The old-fashioned coal-fired samovar [6] was gently perking; the zavarka (tea concentrate), made with excellent Georgian tea, gave off a marvelous smell. A plate of canapés, ranging from the best Russian butter and wild blackberry jam on freshly-baked fluffy white bread to beluga caviar on a heavy, dark rye rubbed with just a touch of garlic, was set close at hand, and both Woomert and Frink were merrily foraging in the gourmet field thus presented. Eventually they settled back, replete with good food, and Frink's curiosity could be contained no longer.

 - "Woomert, when I try to puzzle out your one-liners, I can only get so far; then I run out of steam. Can you tell me about what you did?"

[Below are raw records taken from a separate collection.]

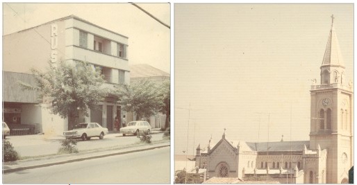 Figuras 1 e 2 – À esquerda, no segundo andar desse pequeno edifício, ao lado do Supermercado Russi, na Rua Olavo Guimarães no 281, situava a república onde residi por cerca de cinco anos e meio. À direita, a imponente Igreja da Vila Arens, vista do terraço da república.
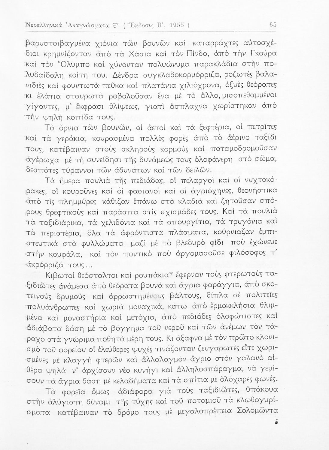 Σχολικό εγχειρίδιο Νέων Ελληνικών ΣΤ΄ Γυμνασίου που περιλαμβάνει κείμενα Ελλήνων και ξένων συγγραφέων και δημοτικά τραγούδια εμπνευσμένα από την ελληνική φύση, την καθημερινή ζωή των ανθρώπων, τη θρησκευτική ...
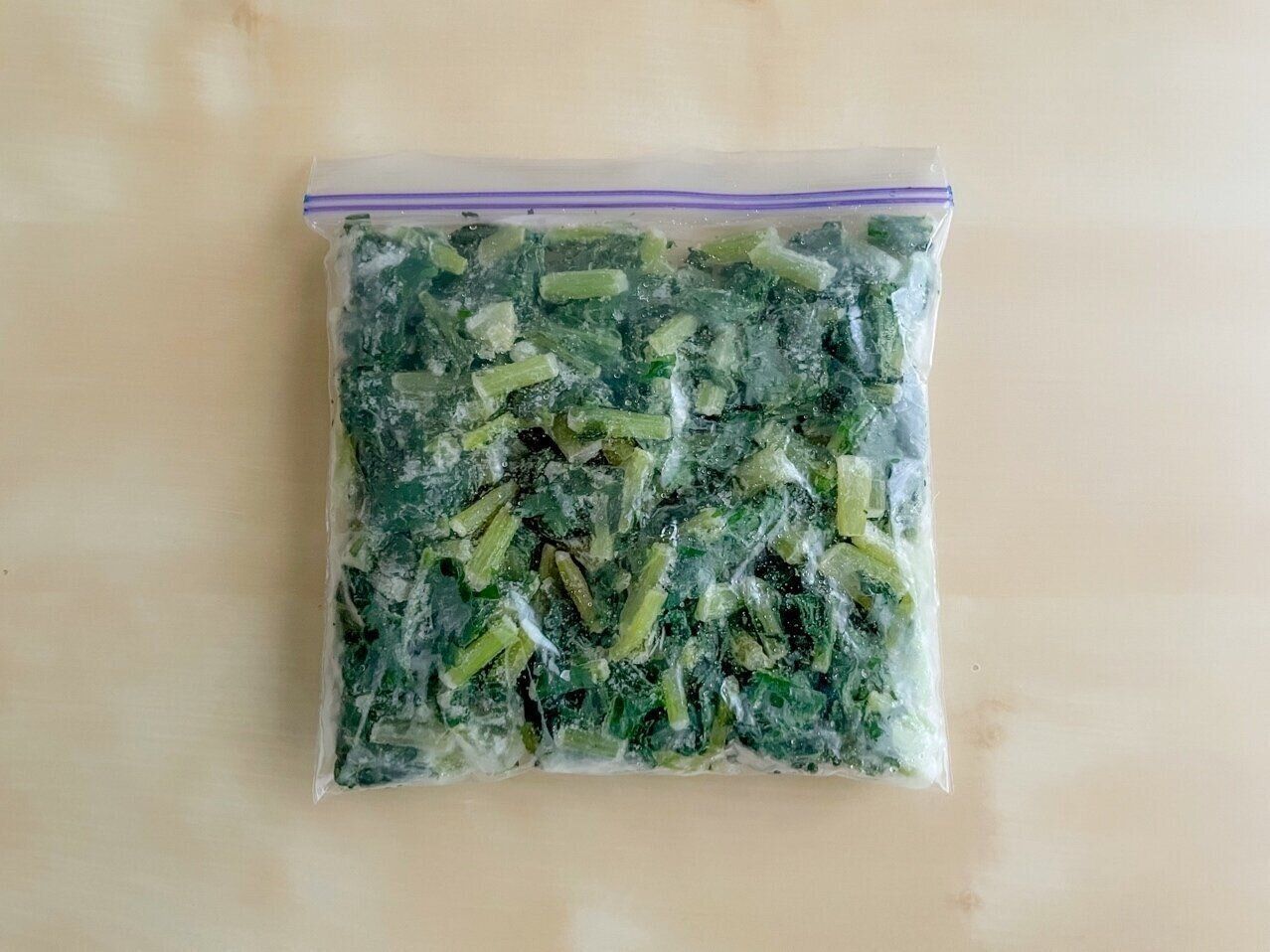 葉は2~3cm幅に切り、油を熱したフライパンでサッと炒めます。少し冷ましたら保存袋に入れて冷凍。

Lying back in his favorite armchair, Woomert smiled.

 - "Instead, why don't you start by telling me what part you understood? I like to see how far you've advanced, Frink; it's been a pleasure to me to see you picking up some of the finer points. I'll take it from there."

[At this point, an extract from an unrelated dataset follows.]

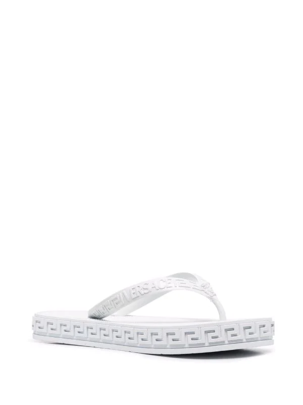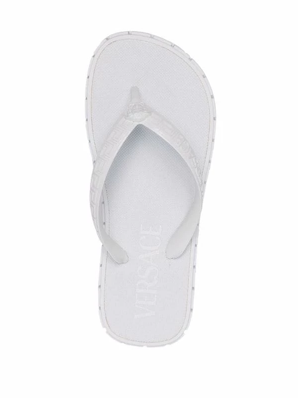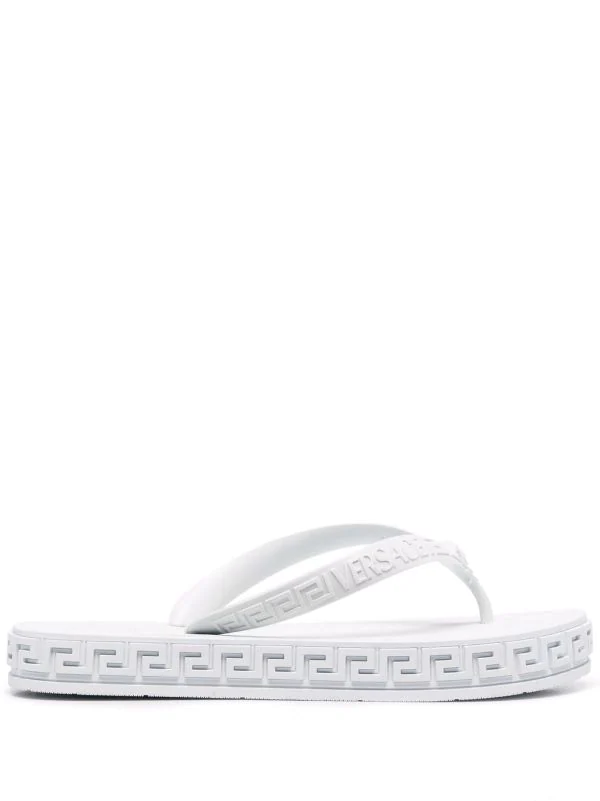 Détail Greca embossé signature, motif Medusa, entre-doigts, bout ouvert, design à enfiler, semelle plate en caoutchouc. Couleur : blanc.
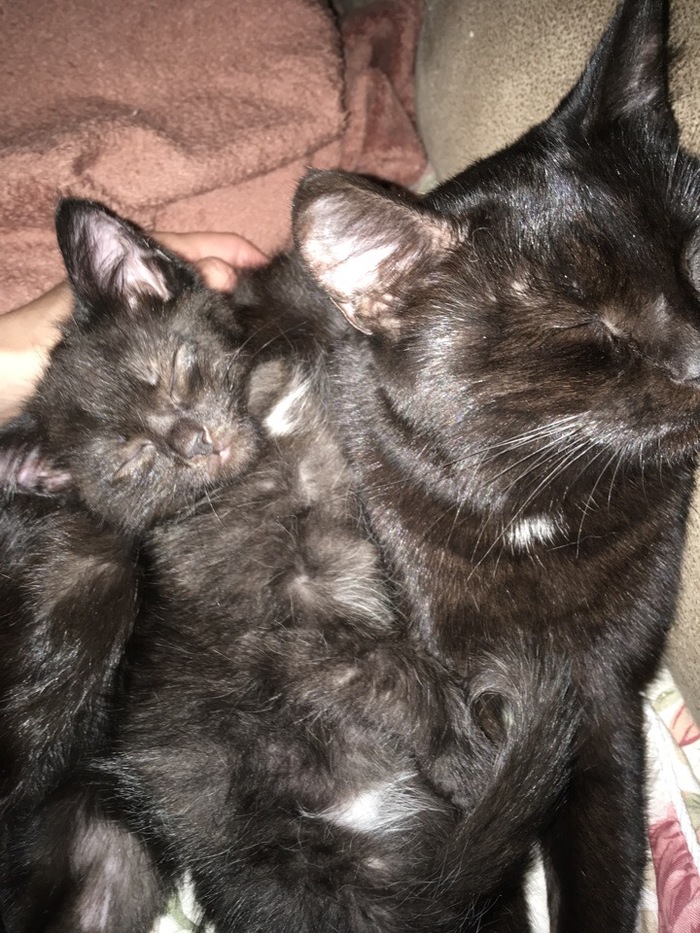 На тот момент у нас была кормящая кошка Бэтмен, которую не успели стерилизовать, поэтому малышню подложили к ней.

 - "All right, then... Let's start with the first one:


perl -MRFC::RFC822::Address=valid -wne'/[\w-]+@[\w.-]+/||next;print valid$&' *html
I recognized all the command-line switches:

-Mmodule Use the specified module
-w Enable warnings
-n Non-printing loop
-e Execute the following commands

However, I couldn't quite puzzle out the '-MRFC::RFC822::Address=valid'syntax - what was that?"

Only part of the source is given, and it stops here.